As per claim 10: Rao ‘208 in view of Huang ‘822, and further in view of Kenefick ‘409 discloses all limitations of claim 8, as stated above, from which claim 10 is dependent upon. Furthermore, Rao ‘208 discloses:
wherein the trained malware classification machine learning model is not executed until after the first malware classification output is generated (the supplemental ML model is executed after the incumbent ML model in response to a determination that the classification output from the incumbent ML model is within the activation range [Rao ‘208, ¶¶80, 82-83; Fig.8]).
As per claim 11: Rao ‘208 in view of Huang ‘822, and further in view of Kenefick ‘409 discloses all limitations of claim 8, as stated above, from which claim 11 is dependent upon. Rao ‘208 in view of Huang ‘822 does not explicitly disclose the limitations of claim 11. Kenefick ‘409, however, discloses:
wherein a first node of the one or more nodes of the vantage-point tree is generated from malware code (the blacklist database 180 is comprised of hash values of known malicious sequences, where these hash values are organized into a tree structure such that each node in the tree represents a hash value generated from a known malicious API call sequence [Kenefick ‘409, Col.5 lines 25-41; Fig.4]).
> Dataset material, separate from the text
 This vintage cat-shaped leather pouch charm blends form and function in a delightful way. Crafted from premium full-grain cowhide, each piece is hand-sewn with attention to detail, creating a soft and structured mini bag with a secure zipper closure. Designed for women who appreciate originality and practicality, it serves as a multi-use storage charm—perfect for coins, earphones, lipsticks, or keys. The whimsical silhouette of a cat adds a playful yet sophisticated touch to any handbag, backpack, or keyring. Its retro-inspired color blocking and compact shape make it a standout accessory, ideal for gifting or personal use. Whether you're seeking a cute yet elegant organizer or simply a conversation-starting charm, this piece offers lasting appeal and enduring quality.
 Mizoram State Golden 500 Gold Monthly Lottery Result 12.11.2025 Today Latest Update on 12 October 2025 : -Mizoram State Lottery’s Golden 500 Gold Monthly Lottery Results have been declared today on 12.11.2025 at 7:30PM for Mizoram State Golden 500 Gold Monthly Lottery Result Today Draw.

Rao ‘208 (modified by Huang ‘822) and Kenefick ‘409 are analogous art because they are from the same field of endeavor, namely that of classification of malicious code. Prior to the effective filing date of the claimed invention, it would have been obvious to one of ordinary skill in the art, having the teachings of Rao ‘208 (modified by Huang ‘822) and Kenefick ‘409 before them, to modify the system in Rao ‘208 (modified by Huang ‘822) to include the teachings of Kenefick ‘409, namely to implement the vantage-point tree of the first-stage classification process such that nodes in the tree are generated from known malicious code, as disclosed in Kenefick ‘409. A motivation for doing so would be to enable fast similarity-based comparison of an unknown sample against a database of known malicious behaviors, such that a match within a distance threshold indicates the unknown sample is likely malicious (see Kenefick ‘409, Col.5 lines 25-41).
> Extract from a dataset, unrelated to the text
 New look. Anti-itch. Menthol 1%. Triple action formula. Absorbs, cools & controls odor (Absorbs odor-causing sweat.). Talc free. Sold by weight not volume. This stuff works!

As per claim 12: Rao ‘208 in view of Huang ‘822, and further in view of Kenefick ‘409 discloses all limitations of claims 8 and 11, as stated above, from which claim 12 is dependent upon. Rao ‘208 in view of Huang ‘822 does not explicitly disclose the limitations of claim 12. Kenefick ‘409, however, discloses:
wherein a second node of the one or more nodes of the vantage point tree is generated from non-malware code (the whitelist database 170 supports fast search and is comprised of known good sequences, where database 170 is a whitelist of LSH values of API call sequences, such that each node in the whitelist tree represents a hash value generated from a known non-malicious API call sequence [Kenefick ‘409, Col.5 lines 20-41]).
Rao ‘208 (modified by Huang ‘822) and Kenefick ‘409 are analogous art because they are from the same field of endeavor, namely that of classification of malicious code. For the reasons stated in claim 11, prior to the effective filing date of the claimed invention, it would have been obvious to one of ordinary skill in the art, having the teachings of Rao ‘208 (modified by Huang ‘822) and Kenefick ‘409 before them, to modify the system in Rao ‘208 (modified by Huang ‘822) to include the teachings of Kenefick ‘409.
As per claim 13: Rao ‘208 in view of Huang ‘822, and further in view of Kenefick ‘409 discloses all limitations of claims 8 and 11-12, as stated above, from which claim 13 is dependent upon. Rao ‘208 in view of Huang ‘822 does not explicitly disclose the limitations of claim 13. Kenefick ‘409, however, discloses:
wherein comparing the fuzzy hash to the one or more nodes comprises calculating a first distance between the fuzzy hash and the first node, and calculating a second distance between the fuzzy hash and the second node (the security server uses a distance metric or approximate distance metric to calculate a distance between the received TLSH value and each of the values in the blacklist database 180, i.e., the first node generated from malware code as established in claim 11, and the whitelist database 170 may also be queried, i.e., calculating a distance between the received TLSH value and the second node generated from non-malware code as established in claim 12 [Kenefick ‘409, Col.3 lines 41-55, Col.9 lines 55-61; Fig.4]).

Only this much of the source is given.